What is contrarian investing? Definition and meaning
Contrarian investing means shunning market trends and hyped investment and going against the flow, i.e. while the majority of people are buying the contrarian investor sells, and while people sell he or she buys.
Contrarian investing is done by people who see investors jumping into a hot stock and chasing after gains as a reason to avoid that stock completely.
The contrarian investor believes that if shares of a company are being bought by many people, they will rapidly become overbought and soon stop reflecting the actual strength of the business – inevitably, the share price will drop.

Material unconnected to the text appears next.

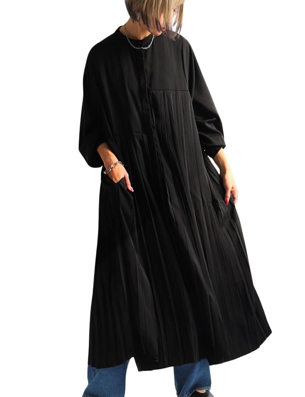 袖にもタックを入れてボリュームがあり華やかなプリーツワンピース。締め付け感のないゆったりとした着心地で、普段使いにもピッタリな一押しアイテム。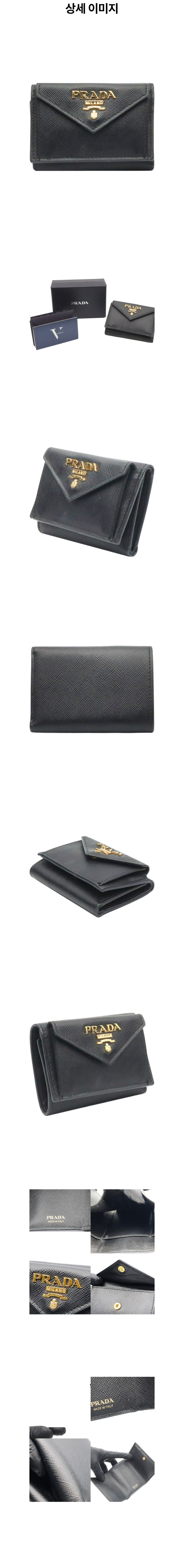 프라다 1MH021 블랙 사피아노 비텔로 금장 메탈 레터링 로고 3단 트리폴드 미니 반지갑

Contrarian investing also responds to widespread pessimism in the market by buying stocks that have been driven so low that they overstate a company’s risks, and understate its chances of making a comeback.

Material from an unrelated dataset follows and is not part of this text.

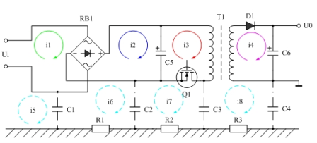 另外,還有4個回路電流i5、i6、i7、i8,這四個回路電流一般人是不會太注意的。這四個電流與前面的3個電流i1、i2、i3基本沒有直接聯系,它們都是通過電磁感應(電場與磁場感應)產生的。在這幾個電流中,其中以i7最嚴重,因為,變壓器初級線圈產生的反電動勢一端正好通過C3與大地相連,另一端經過其它3個回路與交流輸入回路相連。

Contrarian investing means being a bull in a market full of bears, going up when everybody is going down, or swimming against the current.

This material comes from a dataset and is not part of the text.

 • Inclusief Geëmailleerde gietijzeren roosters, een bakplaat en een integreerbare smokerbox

Spotting and buying such distressed stocks, and selling them when the business recovers, can lead to strong gains.
The general principles used in contrarian investing can be applied to individual stocks, a whole industry sector, or an entire market.
Contrarian investing requires good research and impartiality
To be a successful contrarian investor, you need to research your market carefully, and be impartial and disciplined.
Take your time while checking out companies you are considering investing in. Look out for a solid management team, good profit margins, efficient processes, and innovative products.
Businesses that can maintain these fundamentals can withstand economic downturns and investor reluctance.
Warren Buffett, arguably the best ever contrarian investor, has built a massive fortune by going against popular wisdom. At the height of the financial crisis he bought Goldman Sachs.
Mr. Buffett once said regarding contrarian investing:
“Be fearful when others are greedy and be greedy when others are fearful.”
In some ways, contrarian investing is similar to value investing in that the investor is looking for mispriced investments and purchasing those that are seemingly undervalued by the market.